El dinero que tenían
lo invertían en comprar vestuario, zapatos y todo aquello que
necesitaban para representar la obra, y los ensayos fueron eternos:
horas y más horas en la casa de la abuela de Víctor, allá en el
Camí Sant Antoni. Participaban todos: los mayores y los pequeños,
ya que la gran cantidad de actores que tomaban parte en la opera
obligaba a que todos tuviesen su papel. Como no, recibieron la ayuda
de los «técnicos» de aquella época, Salvador Herrero y Vicente
Silvestre, siempre dispuestos a echar una mano. Entre todos
consiguieron crear un clima de ilusión y espontaneidad que era lo
que hacía falta para llevar a cabo este empeño.
Y llegó el día
del estreno en el Colegio Claret. El escenario estaba preparado con
los focos que no eran tales, sino tambores de detergente «Dixan»

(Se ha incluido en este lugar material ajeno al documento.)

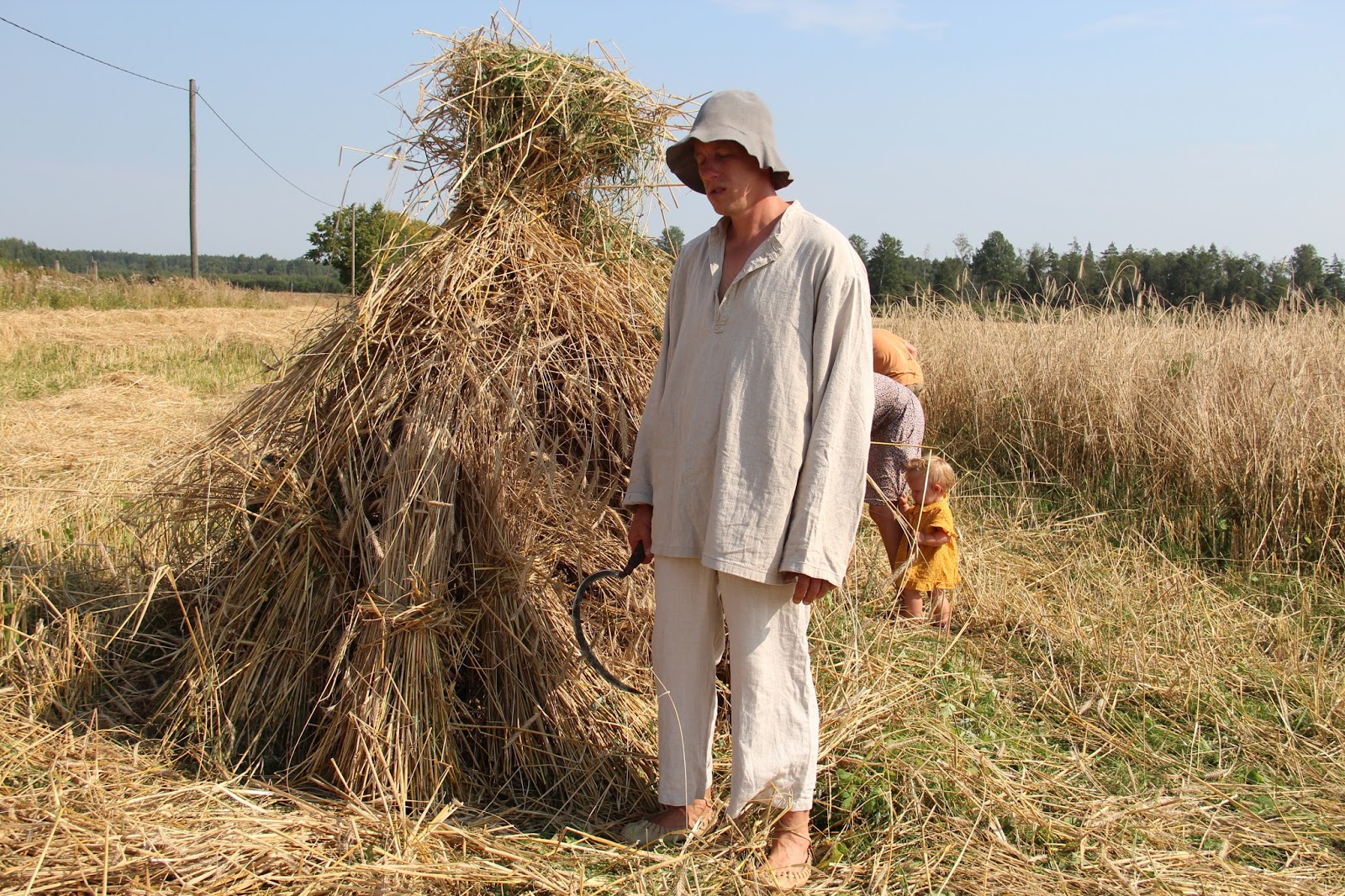 Rehealuse mõnusat muldpõrandat meil ei olnud, kuid vaip muruplatsil ajas samuti asja väga hästi ära. Ainult terad kippusid üle ääre lendama. Seepärast proovisime rukkist ka otsapidi riidest kottidesse toppida, et terad paigale jääksid. Viljapead tühjad, oli aeg vili kõrtest ning aganatest eraldada. Sõelusime jämeda ja peenikese sarjaga, jätkasime käsitööga kallates vilja ühest anumast teise, lootes et tuul kannab üleliigsed ebemed kõrvale, ning lõpetasime ehtsa näputööga purukesi pihkudelt puhudes ja ükshaaval välja noppides.

forrados con papel de aluminio y una bombilla de 500 vatios. Nadie
se daba cuenta. Habían conseguido algún que otro «palet prestado»
de alguna obra, y un andamio cedido desinteresadamente por Floreal.
Todo estaba a punto y una fina lluvia les acompañaba desde horas
antes del estreno.
Desde las puertas
del colegio miraban nerviosamente los vehículos que podían bajar
por el puente, pero no bajaba nadie. Pero al final, el salón de
actos se fue llenando paulativamente de amigos, profesores,
familiares y publico en general hasta completar las 800 localidad de
aforo.
La obra sorprendió
a propios y extraños. El Grup Units había conseguido contactar con
el público en una obra tan espectacular como era Jesucristo
Superstar. Se habían programado únicamente tres actuaciones en el
Claret, pero al final, superaron las cincuenta por diferentes
pueblos y ciudades de la comarca y que finalizaron en una actuación
en el Teatro Principal de Valencia.
El 17 de agosto
representaron la obra en la Plaça de la Seu y más de 4.000
personas se acercaron para verla. El recinto se llenó por completo
y las calles adyacentes estaban abarrotadas de público que no podía
ver pero si oír las piezas musicales representadas en play-back.
Hoy 25 años
después, la obra Jesucristo Superstar, sigue siendo todo un
referente en el mundo de la operas rock. Está basada en los últimos
siete días de Jesucristo. El musical fue estrenado el 12 de Octubre
de 1.997 en el teatro de Mark Hellinger de Nueva York. Fue el primer
trabajo de estos dos compositores llevado a la escena profesional.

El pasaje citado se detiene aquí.